> _What is expected_: Produce a faithful copy of the data, one that leaves out the pictures.

> _Records supplied_:
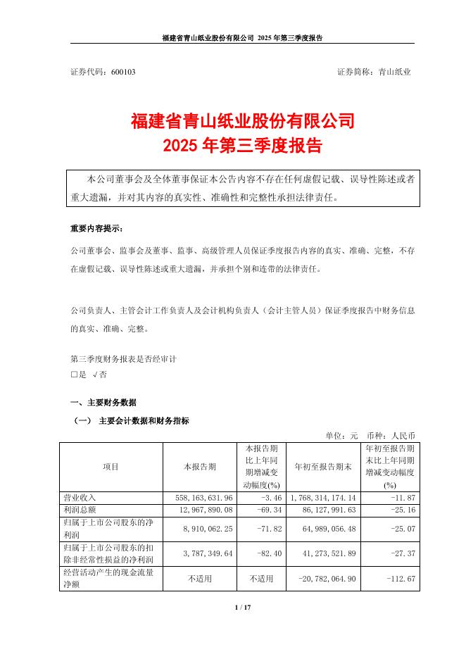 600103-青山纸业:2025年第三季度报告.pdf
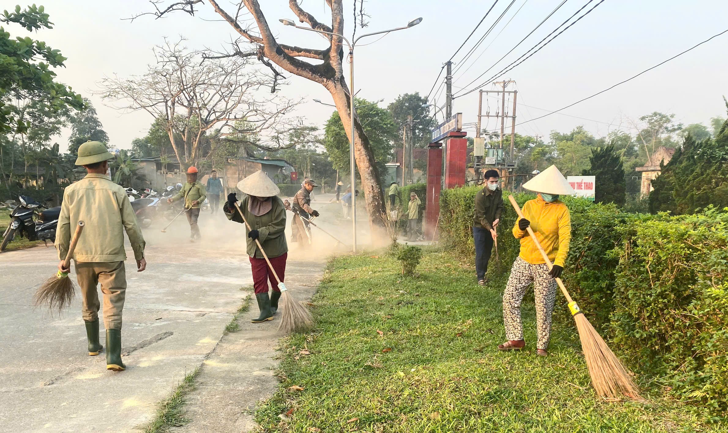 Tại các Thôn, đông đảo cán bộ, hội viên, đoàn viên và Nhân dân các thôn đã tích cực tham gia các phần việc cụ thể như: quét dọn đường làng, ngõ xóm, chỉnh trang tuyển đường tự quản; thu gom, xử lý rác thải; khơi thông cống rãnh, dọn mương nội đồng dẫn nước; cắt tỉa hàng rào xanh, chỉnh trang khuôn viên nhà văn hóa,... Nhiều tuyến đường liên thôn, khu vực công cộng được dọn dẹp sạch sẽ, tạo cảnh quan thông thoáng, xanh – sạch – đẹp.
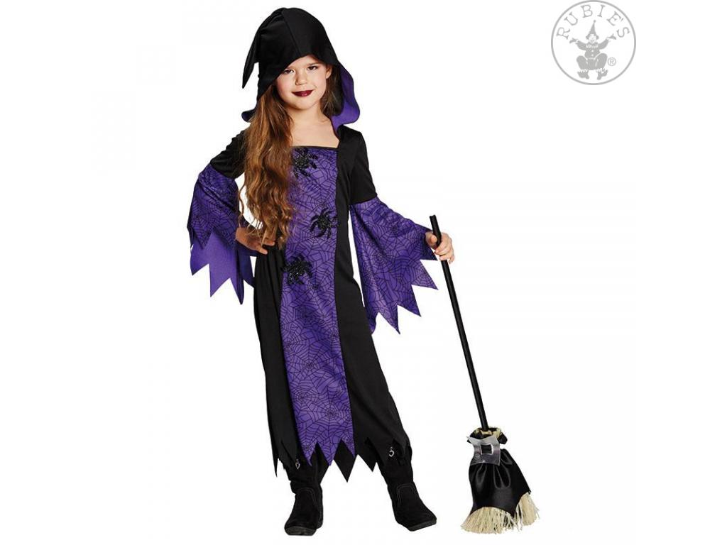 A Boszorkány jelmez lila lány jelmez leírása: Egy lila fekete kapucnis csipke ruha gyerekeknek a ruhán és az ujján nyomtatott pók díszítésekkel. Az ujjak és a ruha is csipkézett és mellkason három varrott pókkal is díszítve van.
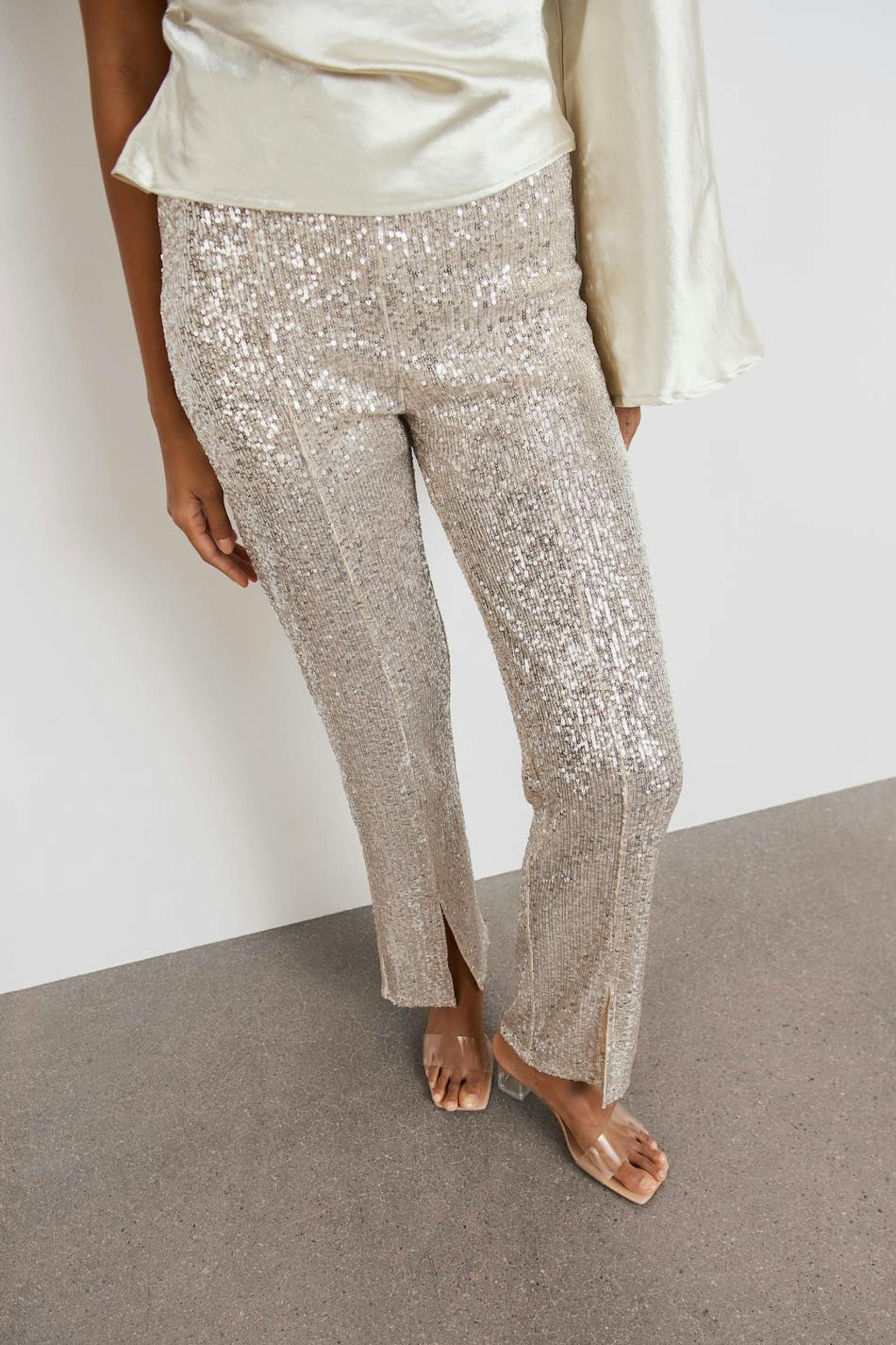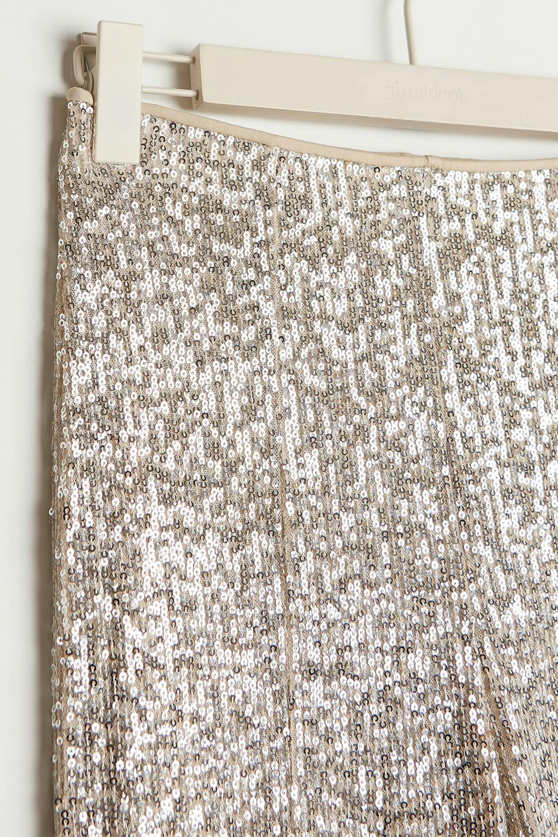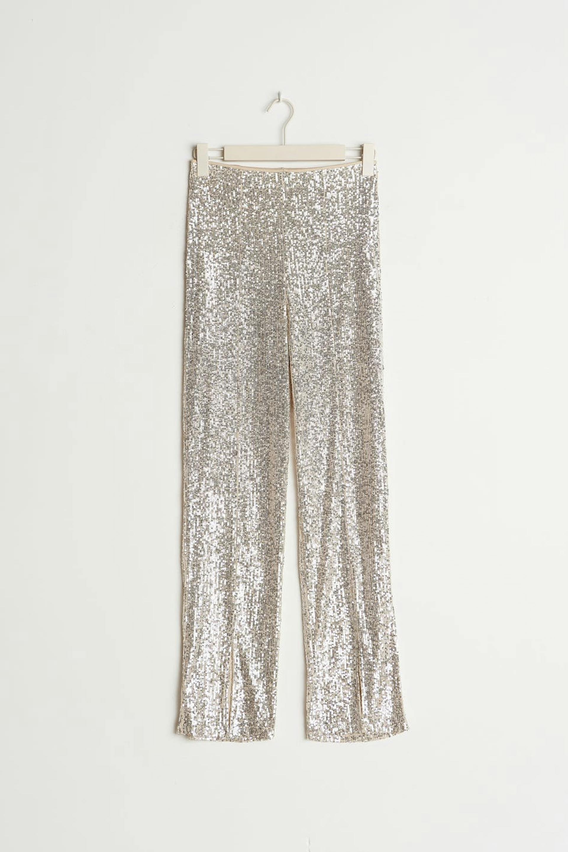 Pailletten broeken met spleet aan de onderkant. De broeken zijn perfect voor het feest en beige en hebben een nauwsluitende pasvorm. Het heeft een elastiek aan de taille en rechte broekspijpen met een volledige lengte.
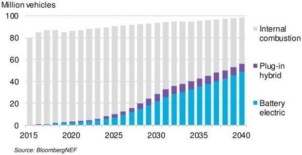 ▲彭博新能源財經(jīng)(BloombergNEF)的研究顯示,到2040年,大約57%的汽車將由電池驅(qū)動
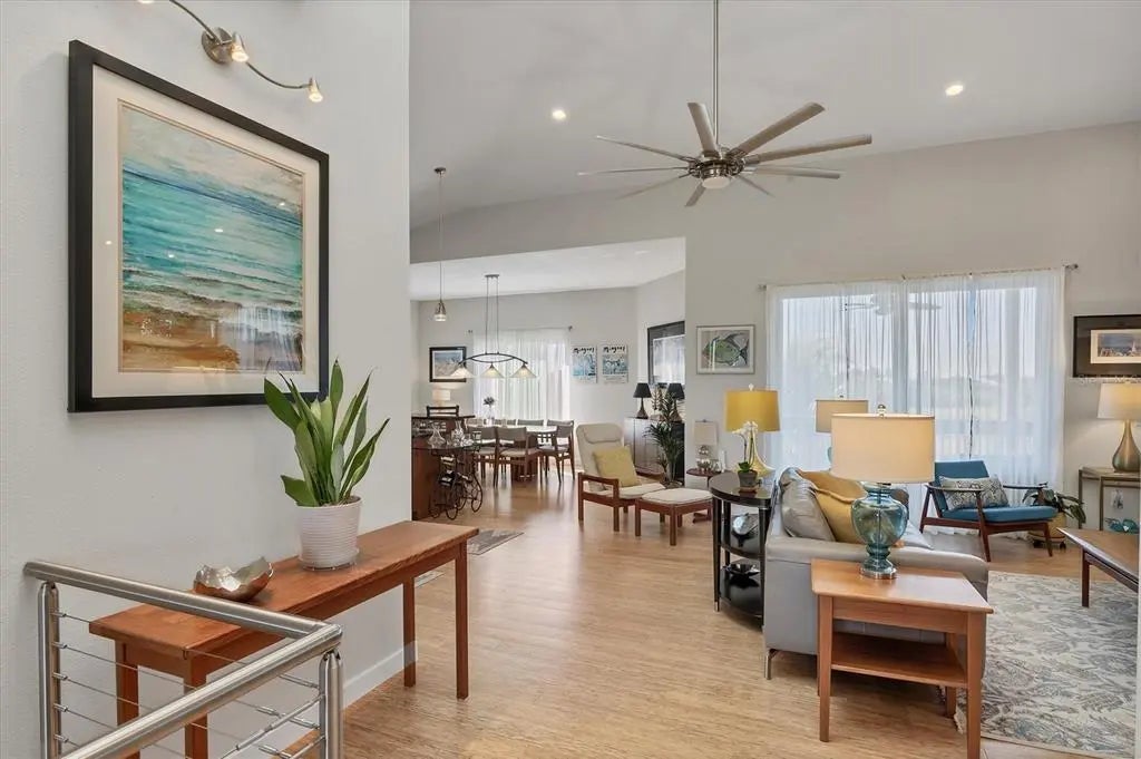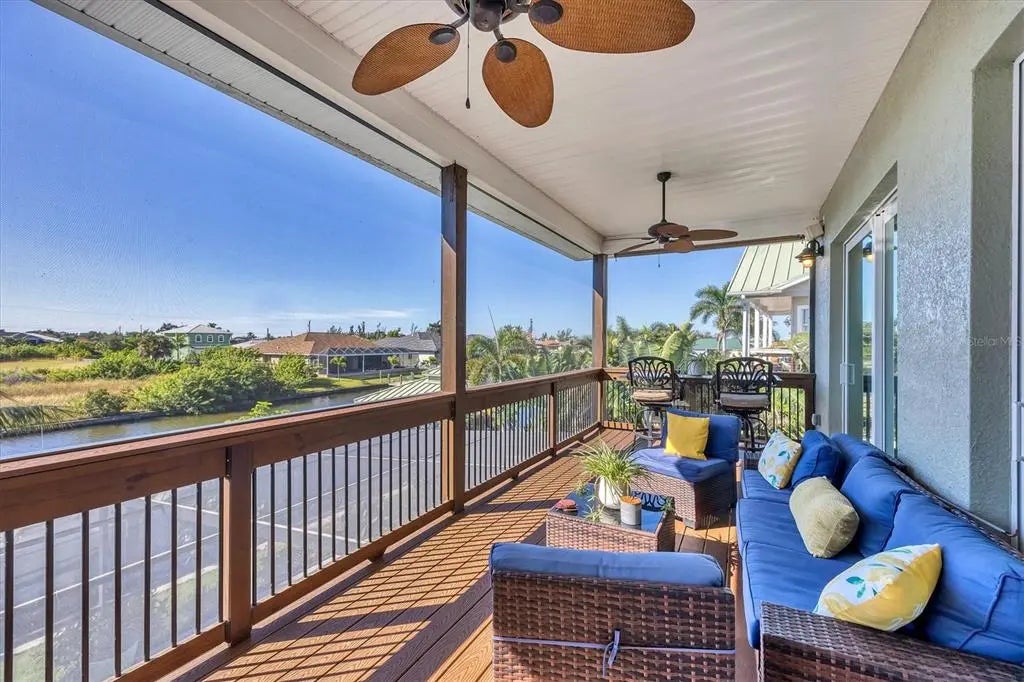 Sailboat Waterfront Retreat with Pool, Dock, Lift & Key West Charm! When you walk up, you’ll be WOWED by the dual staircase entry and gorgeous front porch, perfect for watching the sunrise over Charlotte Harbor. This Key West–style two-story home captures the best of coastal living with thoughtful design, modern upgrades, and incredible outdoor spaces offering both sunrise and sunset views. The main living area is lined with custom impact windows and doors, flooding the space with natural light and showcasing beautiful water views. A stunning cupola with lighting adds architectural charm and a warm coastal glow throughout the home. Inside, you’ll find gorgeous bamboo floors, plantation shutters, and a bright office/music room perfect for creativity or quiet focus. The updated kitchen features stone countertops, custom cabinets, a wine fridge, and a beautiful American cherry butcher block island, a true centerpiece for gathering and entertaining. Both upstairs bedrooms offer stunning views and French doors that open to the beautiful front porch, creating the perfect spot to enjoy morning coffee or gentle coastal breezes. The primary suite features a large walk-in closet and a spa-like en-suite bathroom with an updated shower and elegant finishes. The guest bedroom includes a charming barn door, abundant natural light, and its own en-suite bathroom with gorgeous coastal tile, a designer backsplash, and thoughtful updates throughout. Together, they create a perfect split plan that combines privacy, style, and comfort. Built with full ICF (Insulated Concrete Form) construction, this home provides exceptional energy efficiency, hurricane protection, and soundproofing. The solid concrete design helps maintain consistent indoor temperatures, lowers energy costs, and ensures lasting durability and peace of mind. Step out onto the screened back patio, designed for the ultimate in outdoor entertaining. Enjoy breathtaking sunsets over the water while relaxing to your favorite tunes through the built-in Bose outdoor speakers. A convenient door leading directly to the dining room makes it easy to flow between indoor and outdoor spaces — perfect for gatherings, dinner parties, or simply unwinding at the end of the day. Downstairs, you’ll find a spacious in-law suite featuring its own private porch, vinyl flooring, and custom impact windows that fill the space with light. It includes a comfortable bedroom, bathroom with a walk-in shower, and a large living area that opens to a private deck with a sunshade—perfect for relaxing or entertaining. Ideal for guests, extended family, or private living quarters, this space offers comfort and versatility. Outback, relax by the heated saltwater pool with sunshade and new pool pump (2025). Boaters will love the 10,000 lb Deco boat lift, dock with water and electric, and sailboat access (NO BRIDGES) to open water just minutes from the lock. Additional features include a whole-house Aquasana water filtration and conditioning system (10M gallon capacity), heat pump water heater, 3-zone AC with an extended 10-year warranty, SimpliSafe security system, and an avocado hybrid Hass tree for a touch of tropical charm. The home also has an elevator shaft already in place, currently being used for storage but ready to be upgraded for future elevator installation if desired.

> _Task result_:
 600103-青山纸业:2025年第三季度报告.pdf
 Tại các Thôn, đông đảo cán bộ, hội viên, đoàn viên và Nhân dân các thôn đã tích cực tham gia các phần việc cụ thể như: quét dọn đường làng, ngõ xóm, chỉnh trang tuyển đường tự quản; thu gom, xử lý rác thải; khơi thông cống rãnh, dọn mương nội đồng dẫn nước; cắt tỉa hàng rào xanh, chỉnh trang khuôn viên nhà văn hóa,... Nhiều tuyến đường liên thôn, khu vực công cộng được dọn dẹp sạch sẽ, tạo cảnh quan thông thoáng, xanh – sạch – đẹp.
 A Boszorkány jelmez lila lány jelmez leírása: Egy lila fekete kapucnis csipke ruha gyerekeknek a ruhán és az ujján nyomtatott pók díszítésekkel. Az ujjak és a ruha is csipkézett és mellkason három varrott pókkal is díszítve van.
 Pailletten broeken met spleet aan de onderkant. De broeken zijn perfect voor het feest en beige en hebben een nauwsluitende pasvorm. Het heeft een elastiek aan de taille en rechte broekspijpen met een volledige lengte.
 ▲彭博新能源財經(jīng)(BloombergNEF)的研究顯示,到2040年,大約57%的汽車將由電池驅(qū)動
 Sailboat Waterfront Retreat with Pool, Dock, Lift & Key West Charm! When you walk up, you’ll be WOWED by the dual staircase entry and gorgeous front porch, perfect for watching the sunrise over Charlotte Harbor. This Key West–style two-story home captures the best of coastal living with thoughtful design, modern upgrades, and incredible outdoor spaces offering both sunrise and sunset views. The main living area is lined with custom impact windows and doors, flooding the space with natural light and showcasing beautiful water views. A stunning cupola with lighting adds architectural charm and a warm coastal glow throughout the home. Inside, you’ll find gorgeous bamboo floors, plantation shutters, and a bright office/music room perfect for creativity or quiet focus. The updated kitchen features stone countertops, custom cabinets, a wine fridge, and a beautiful American cherry butcher block island, a true centerpiece for gathering and entertaining. Both upstairs bedrooms offer stunning views and French doors that open to the beautiful front porch, creating the perfect spot to enjoy morning coffee or gentle coastal breezes. The primary suite features a large walk-in closet and a spa-like en-suite bathroom with an updated shower and elegant finishes. The guest bedroom includes a charming barn door, abundant natural light, and its own en-suite bathroom with gorgeous coastal tile, a designer backsplash, and thoughtful updates throughout. Together, they create a perfect split plan that combines privacy, style, and comfort. Built with full ICF (Insulated Concrete Form) construction, this home provides exceptional energy efficiency, hurricane protection, and soundproofing. The solid concrete design helps maintain consistent indoor temperatures, lowers energy costs, and ensures lasting durability and peace of mind. Step out onto the screened back patio, designed for the ultimate in outdoor entertaining. Enjoy breathtaking sunsets over the water while relaxing to your favorite tunes through the built-in Bose outdoor speakers. A convenient door leading directly to the dining room makes it easy to flow between indoor and outdoor spaces — perfect for gatherings, dinner parties, or simply unwinding at the end of the day. Downstairs, you’ll find a spacious in-law suite featuring its own private porch, vinyl flooring, and custom impact windows that fill the space with light. It includes a comfortable bedroom, bathroom with a walk-in shower, and a large living area that opens to a private deck with a sunshade—perfect for relaxing or entertaining. Ideal for guests, extended family, or private living quarters, this space offers comfort and versatility. Outback, relax by the heated saltwater pool with sunshade and new pool pump (2025). Boaters will love the 10,000 lb Deco boat lift, dock with water and electric, and sailboat access (NO BRIDGES) to open water just minutes from the lock. Additional features include a whole-house Aquasana water filtration and conditioning system (10M gallon capacity), heat pump water heater, 3-zone AC with an extended 10-year warranty, SimpliSafe security system, and an avocado hybrid Hass tree for a touch of tropical charm. The home also has an elevator shaft already in place, currently being used for storage but ready to be upgraded for future elevator installation if desired.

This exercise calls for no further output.